-- Task statement --
Would you return exactly the lines from the top of the data below through the one containing "人民医院(在建) ,24H 为健康护航。在售户型赏析:◇135㎡三室两厅两卫 总价:950-1150万/套", leaving out the pictures?

Stored records:
* * *
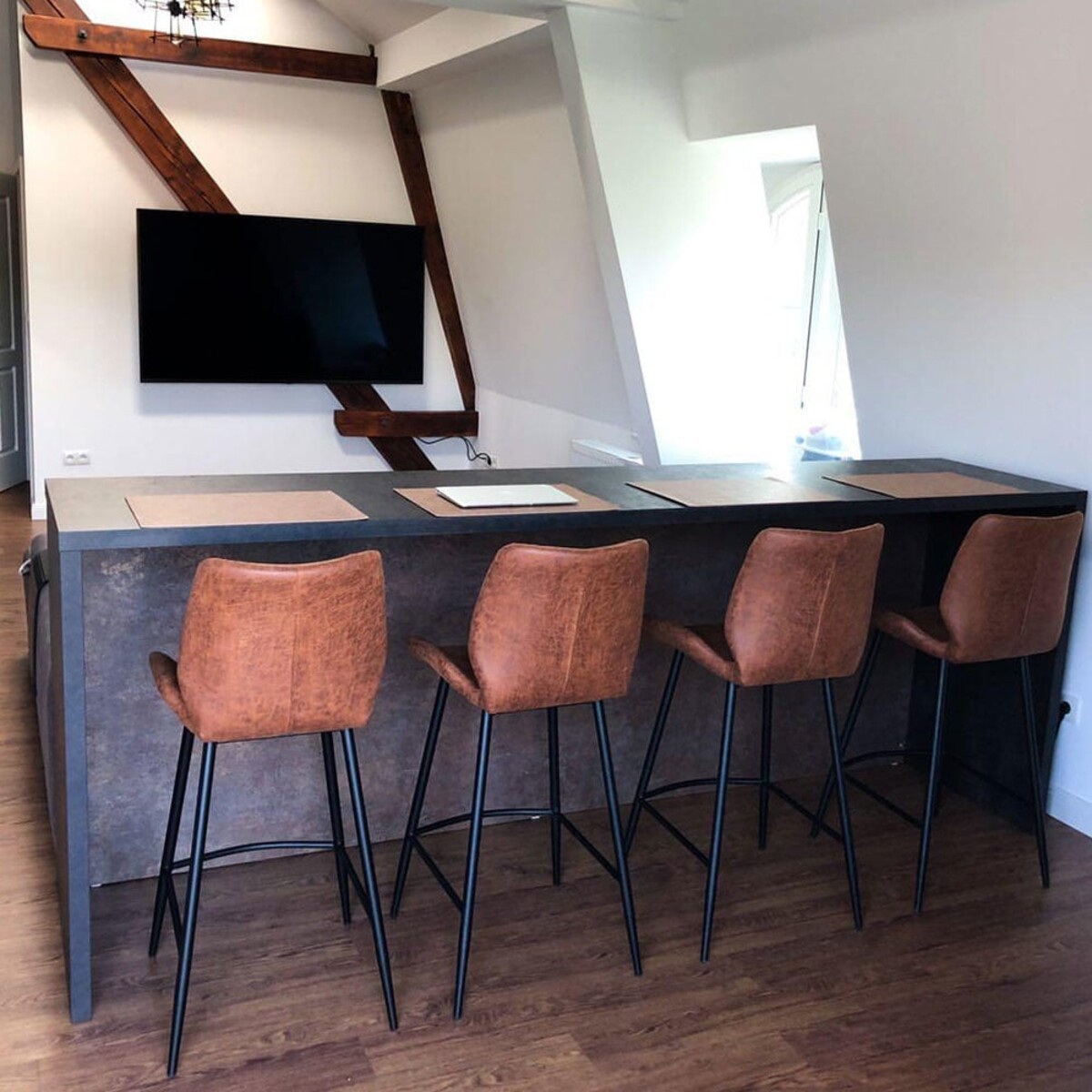 De industriële barkruk Barrel is de perfecte barkruk voor een stoer en industrieel interieur. Dankzij de combinatie van de zitting gemaakt van hoogwaardig eco-leder en het zwart stalen frame is deze barkruk geschikt voor meerdere interieurstijlen zoals in een industrieel, maar ook in een Scandinavisch interieur!
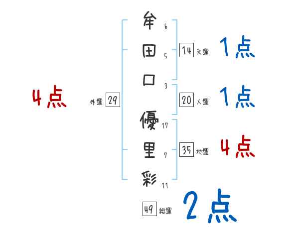 牟田口優里彩さんの画数の鑑定結果
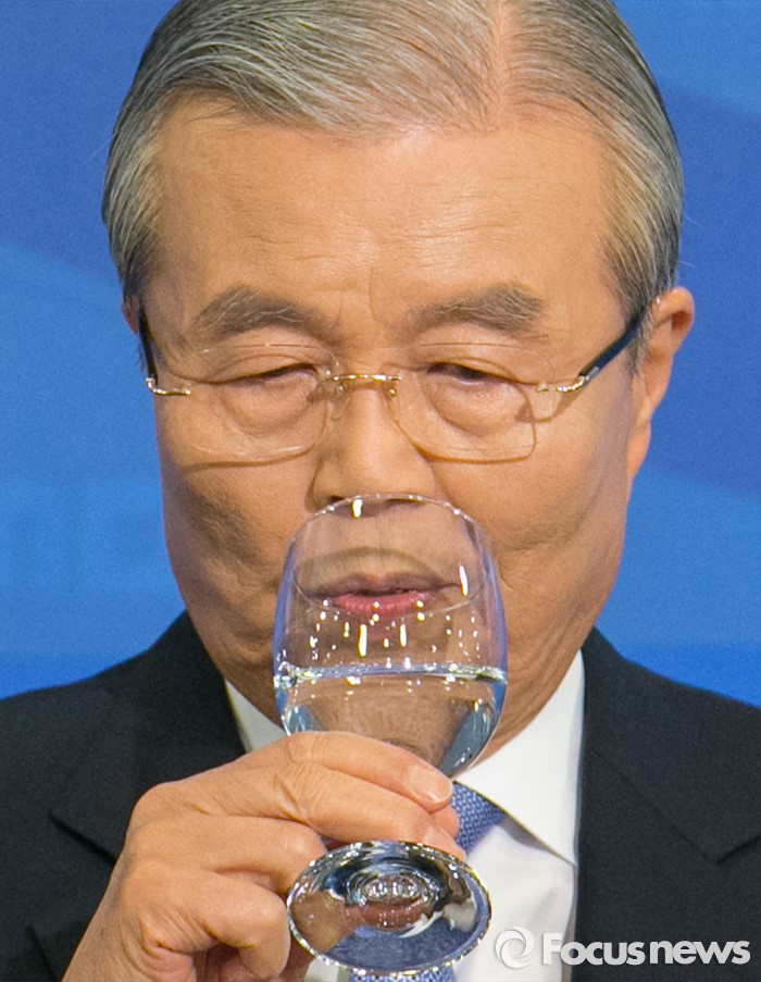 (서울=포커스뉴스) 김종인 더불어민주당 비대위 대표 겸 선대위원장이 6일 오후 서울 종로구 세종문화회관에서 한국방송기자클럽 초청 토론회에 앞서 물을 마시고 있다.
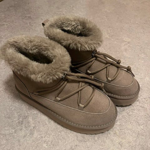 Helt nya beige-aprikosa vinterkängor säljes pga fel storlek. De är små i storleken, som strl 39. Innermått är 24,4 cm.
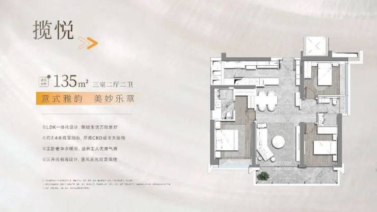 ◇【广州第一座万象城——广州白鹅潭万象城】重续白鹅潭千年商脉,引领高品质风尚标杆◇【引领峯层时代的国际化生活平台——万悦荟】「万悦荟」整合多元业务领域,联手行业领先国际品牌,为业主带来系统化、定制化的全新滨江万象生活方式,包括:悦享无界、悦鉴万象、悦江·CLUB、悦江家宴、悦览世界、悦知品位、悦心礼遇、悦伴友居、SMART·悦服务9大权益。◇【海上丝绸源点,约800米宽幕江面,270°三江汇聚视野】见证广州的风华印章,鉴赏世界的万象繁华◇〔白鹅潭 TOD 荣耀加身 ,纵享五维交通)4地铁: 约 399 米白鹅潭TOD(芳村站)4 地铁交汇 ,l 号线已开通 ,ll 号线/22 号线建设中, 28 号线规划中;2 主干道/2 高速/3 隧道: 花地大道及芳村大道交汇, l 公里内有珠江隧道/洲头哩隧道/如意坊隧道(建设中) ,接驳内环及环城;2 水上巴士: 约 599 米芳村码头 ,S2 线到达中大/广州塔 ,S6 线到海珠区永兴街/老荔湾黄沙 ,畅游滨水生活◇〔白鹅潭芯 ,五维全能城熟生活配套)6 所省级名校:配建一所约 6 班幼儿园及约 24 班中学, 周边包含康有为纪念小学在内的 6 所省级学校6 大高端商业:片区拥有万象城、领展购物广场、太古商业(在建中)、花地湾 TOD 购物中心(规划中)、广船商业(在建中)、 星河 COCOpark 六大高端商业环绕 ,比肩香柳丽舍大街。6 所三甲医院: 直线 2KM 范围包含:省中医芳村医院、广医大附属中医医院/第三医院/脑科医院、广医科大附属口腔医院、荔湾区 人民医院(在建) ,24H 为健康护航。在售户型赏析:◇135㎡三室两厅两卫 总价:950-1150万/套
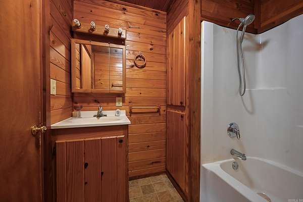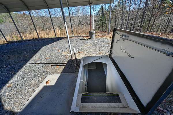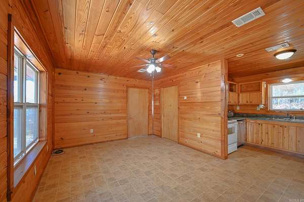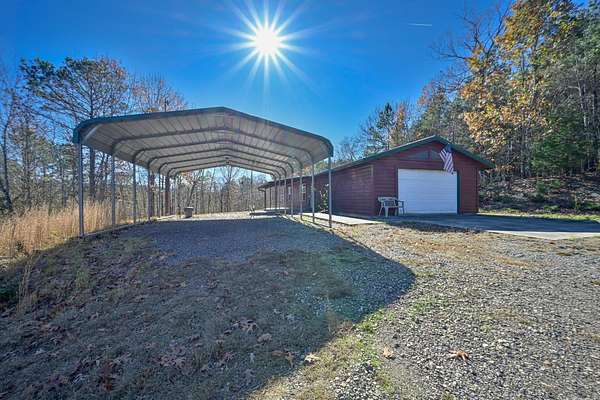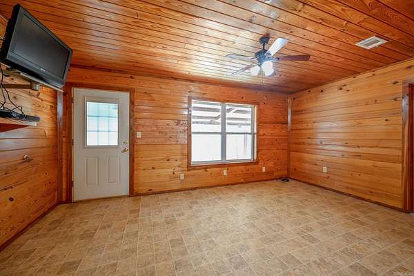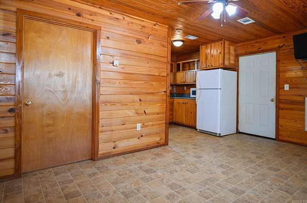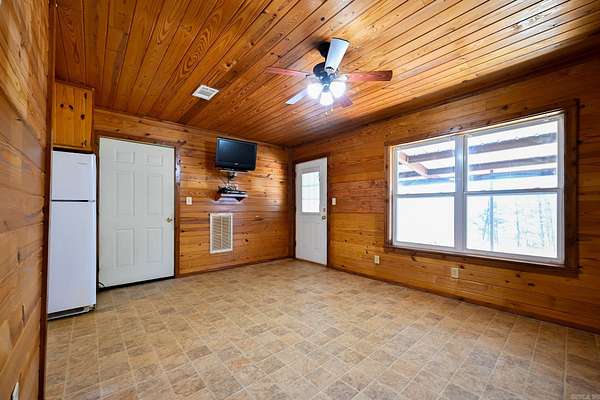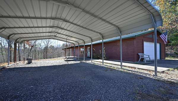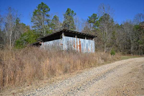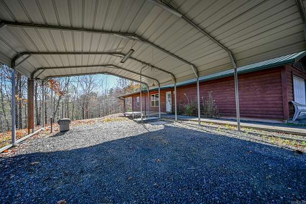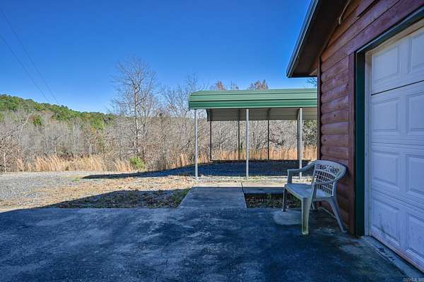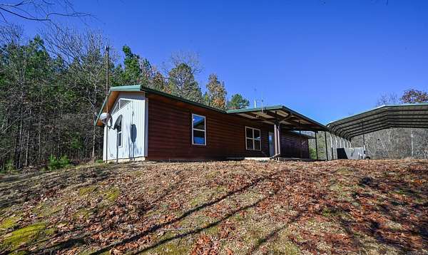 Discover the perfect blend of space and outdoor recreation with this cabin on 4+/- wooded acres near the Ouachita National Forest and convenient ATV riding areas. Inside features include a large bedroom with a walk-in closet, full-size washer and dryer, wood accents, log-style siding, and a spacious full bathroom. The property also includes a two-car garage, a like-new metal carport, and an in-ground storm shelter under the carport equipped with a bed and microwave. The land is gently elevated with trees creating a natural wooded backdrop, along with a small fenced pasture area suitable for livestock or a starter homestead, and a poured slab ideal for creating an outdoor hangout space. Nearby creeks offer additional outdoor enjoyment, making this property suitable for either full-time living or a weekend getaway close to recreation.
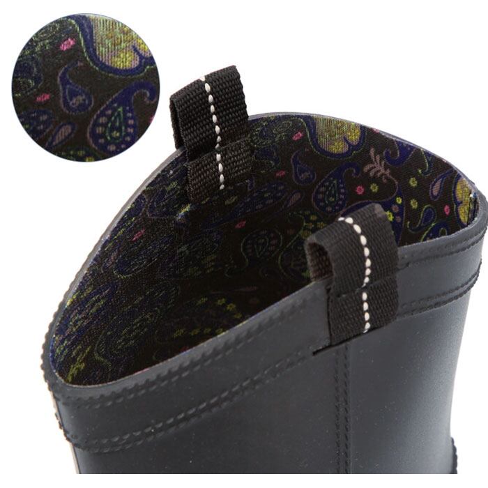 ・ブーツの内側にシックなペーズリー柄の裏生地を使用し、見えないところもさりげなくお洒落に。
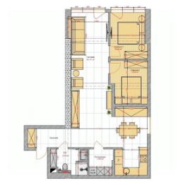 Общая площадь квартиры 18 м2, раздельный санузел, вмонтировано полноценное спальное место на втором уровне, а также есть придомовая территория 10 м2, на которой можно организовать зону отдыха или свой любимый уголок для растений.
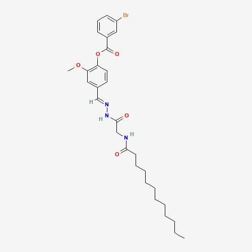 - Synonyms:AKOS024408187;4-(2-((DODECANOYLAMINO)ACETYL)CARBOHYDRAZONOYL)-2-METHOXYPHENYL 3-BROMOBENZOATE
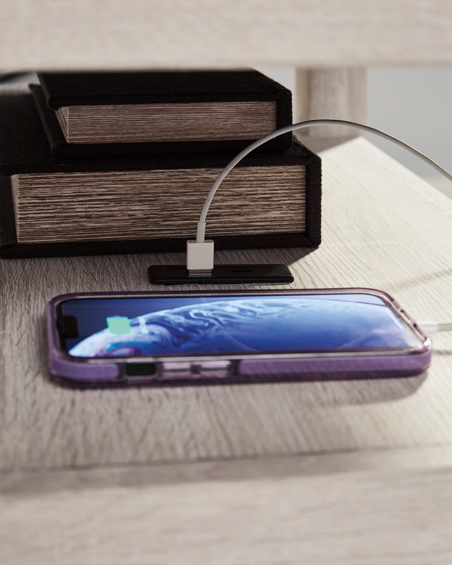 | Details | Made with MDF substrates and decorative paper laminate, Two-tone finish (replicated gray wood top and antiqued white base), 1 storage cabinet, 1 open display shelf, USB-A and USB-C charging ports, Power cord included; UL Listed | |
* * *
-- Solution --
 De industriële barkruk Barrel is de perfecte barkruk voor een stoer en industrieel interieur. Dankzij de combinatie van de zitting gemaakt van hoogwaardig eco-leder en het zwart stalen frame is deze barkruk geschikt voor meerdere interieurstijlen zoals in een industrieel, maar ook in een Scandinavisch interieur!
 牟田口優里彩さんの画数の鑑定結果
 (서울=포커스뉴스) 김종인 더불어민주당 비대위 대표 겸 선대위원장이 6일 오후 서울 종로구 세종문화회관에서 한국방송기자클럽 초청 토론회에 앞서 물을 마시고 있다.
 Helt nya beige-aprikosa vinterkängor säljes pga fel storlek. De är små i storleken, som strl 39. Innermått är 24,4 cm.
 ◇【广州第一座万象城——广州白鹅潭万象城】重续白鹅潭千年商脉,引领高品质风尚标杆◇【引领峯层时代的国际化生活平台——万悦荟】「万悦荟」整合多元业务领域,联手行业领先国际品牌,为业主带来系统化、定制化的全新滨江万象生活方式,包括:悦享无界、悦鉴万象、悦江·CLUB、悦江家宴、悦览世界、悦知品位、悦心礼遇、悦伴友居、SMART·悦服务9大权益。◇【海上丝绸源点,约800米宽幕江面,270°三江汇聚视野】见证广州的风华印章,鉴赏世界的万象繁华◇〔白鹅潭 TOD 荣耀加身 ,纵享五维交通)4地铁: 约 399 米白鹅潭TOD(芳村站)4 地铁交汇 ,l 号线已开通 ,ll 号线/22 号线建设中, 28 号线规划中;2 主干道/2 高速/3 隧道: 花地大道及芳村大道交汇, l 公里内有珠江隧道/洲头哩隧道/如意坊隧道(建设中) ,接驳内环及环城;2 水上巴士: 约 599 米芳村码头 ,S2 线到达中大/广州塔 ,S6 线到海珠区永兴街/老荔湾黄沙 ,畅游滨水生活◇〔白鹅潭芯 ,五维全能城熟生活配套)6 所省级名校:配建一所约 6 班幼儿园及约 24 班中学, 周边包含康有为纪念小学在内的 6 所省级学校6 大高端商业:片区拥有万象城、领展购物广场、太古商业(在建中)、花地湾 TOD 购物中心(规划中)、广船商业(在建中)、 星河 COCOpark 六大高端商业环绕 ,比肩香柳丽舍大街。6 所三甲医院: 直线 2KM 范围包含:省中医芳村医院、广医大附属中医医院/第三医院/脑科医院、广医科大附属口腔医院、荔湾区 人民医院(在建) ,24H 为健康护航。在售户型赏析:◇135㎡三室两厅两卫 总价:950-1150万/套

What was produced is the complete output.